For example, the NCTC/DHS guidelines were warmly received by the Muslim Brotherhood-founded Muslim American Society (MAS). (Perhaps the NCTC and DHS should ask if they are going in the right direction when a Muslim Brotherhood-founded organization applauds their actions.)

On April 27, the Muslim American Society posted an article from "Think Progress" on the MAS website titled "Homeland Security Report Sharply Rebukes McCain's 'Islamic Extremism' Rhetoric". The article references the efforts by unindicted HLF terror trial co-conspirator, the Islamic Society of North America (ISNA), in launching "a campaign to persuade Sen.
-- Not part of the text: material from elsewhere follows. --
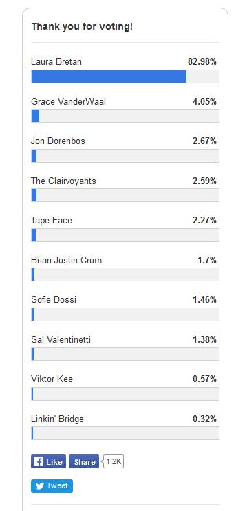 LAURA BRETAN CÂȘTIGĂTOR AMERICA'S GOT TALENT. Potrivit acestui sondaj, Laura Bretan este creditată cu peste 80% din șanse să câștige America’s Got Talent.
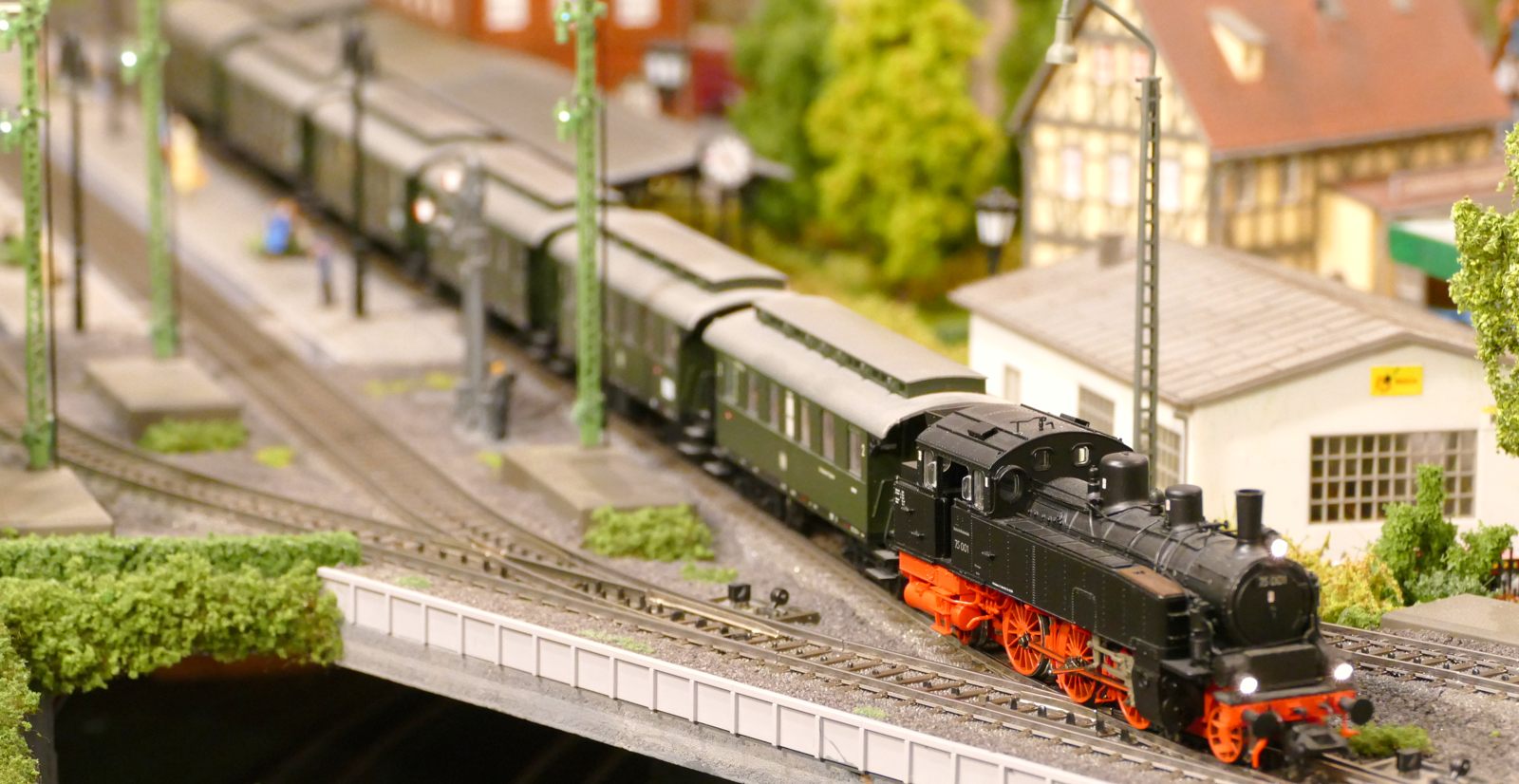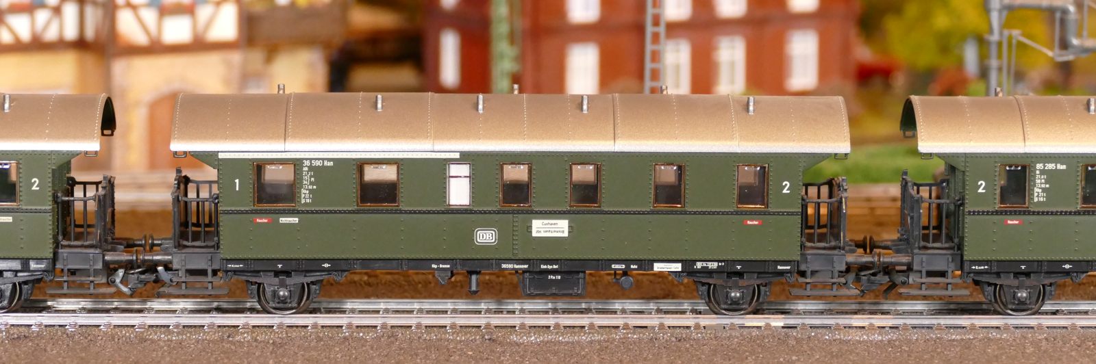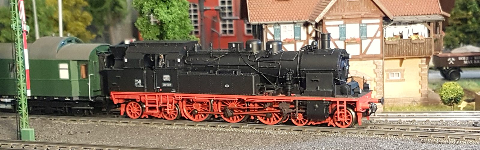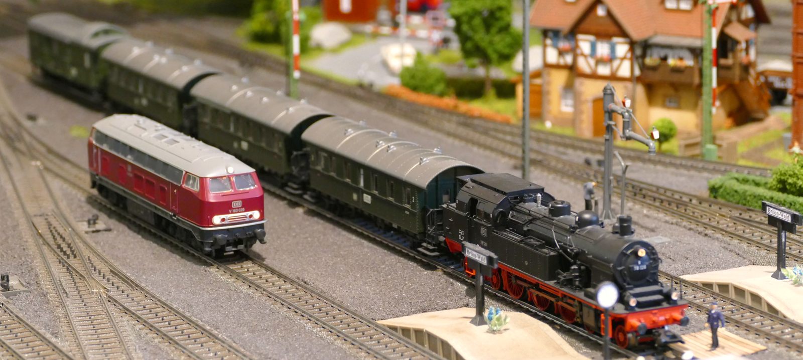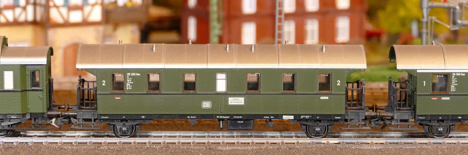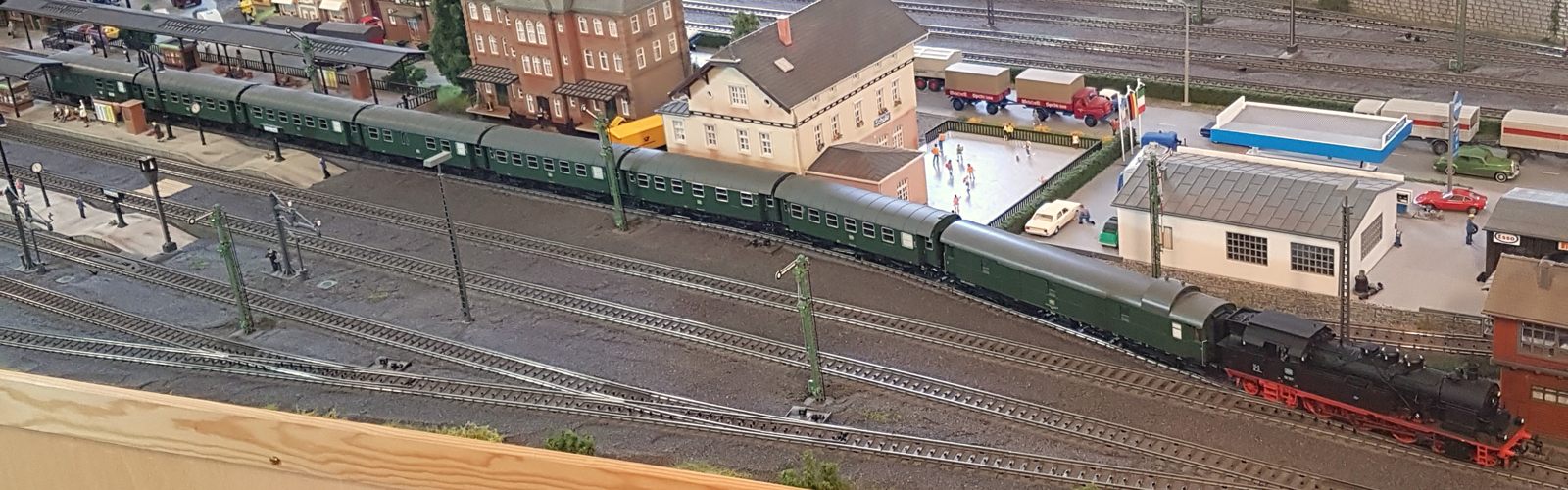 Damals, in den 1950er bis 1970er Jahren gab es geradezu unzählige unterschiedliche Personenwagentypen für den Nahverkehr. Zweiachser, Dreiachser und Vierachser waren im Einsatz, fast immer in der Farbe grün. Bis auf die Triebwagen (Diesel, Elektro, auch Akku) wurden alle Züge von Lokomotiven gezogen oder geschoben. Bahninteressierte Personen erfreuten sich an Dampf-, Diesel- und Elektrolokomotiven verschiedenster Baureihen. 1951 betrug der Anteil der Dampflokomotiven bei der DB ca. 95%; hinzu kamen ca. 1% Dieselloks und 4% E-Loks. 1960 hatte sich das Verhältnis zischen den Loktypen schon erheblich zu Ungunsten der Dampftraktionn geändert. Von den ca. 10.300 Lokomotiven und Triebwagen wurden nur noch etwa 75% von Dampf angetrieben. Die Elektrofraktion inkl. Akkutriebwagen erreichte gut 13%, den Rest teilten sich Dieselloks und Dieseltriebwagen. Im Jahre 1970 sah das Verhältnis wie folgt aus: Bei nur noch rund 7.400 Zugfahrzeugen lag Dampf bei ca. 23%, Diesel bei knapp 37% und Elektro bei etwa 40%. Das Ende der Dampflokomotiven war in der Bundesrepublik Deutschland in Sicht. Nicht so bei mir. Ich bespanne meine Züge vorwiegend mit Dampfloks und bilde damit ungefähr die 1950er und frühen 1960er Jahre ab. Wenn meine Züge hauptsächlich von Dampflokomotiven gezogen werden, liegt es an der Situation bei der Deutschen Bundesbahn in der Epoche III (1945 bis rund 1970) und an meiner Vorliebe für die imposanten, lauten, stampfenden schwarzen Lokomotiven und damit einhergehend an der dominierenden Zahl dieses Loktyps in meinen Vitrinen. Mir macht es auch gar nichts aus, eine BR103.1 in dieses Gemenge aufzunehmen und mitfahren zu lassen, wenngleich sie erst zwischen 1970 und 1974 in Dienst gestellt wurden. Sie passt also noch so gerade in die Epoche und ist eine zeitlos schöne Maschine mit gewaltiger Kraft. Aber die läuft ja unter der Rubrik Schnellzüge. Jetzt aber freut euch auf eine ganze Reihe schöner Personenzüge.

John McCain (R-AZ) to drop the adjective 'Islamic' when describing terrorists and extremists". Other political blogs have sought to link the two issues, mockingly challenging the McCain campaign if it thinks "the Bush administration's State Department, the Department of Homeland Security, and National Counter Terrorism Center should be ignored, too?"

The political blog "The Carpetbagger Report" believes that the NCTC/DHS guidelines demonstrate that "officials seem to realize the significance of these religio-political words". Like many commentators, the author fails to actually define the significance of such "religio-political" words, but assumes that they are understood. Today's State Department report and President Bush's comments in yesterday's press conference clearly shows how wrong that assumption is.

The Thailand newspaper "The Nation" published an editorial applauding such terminology guidelines in its April 30 edition titled "US govt may be getting the message - finally". For context, Thailand is a nation that, over the past 4 years, has seen 2,776 killed as a result of Jihadist attacks in Thailand's southern regions - nearly the same death toll as the 9/11 terrorist attacks on New York City. Thailand is a nation whose southern region has suffered from a continuous string of cowardly Jihadist attacks on children, women, and the elderly, including the beheading of helpless elders.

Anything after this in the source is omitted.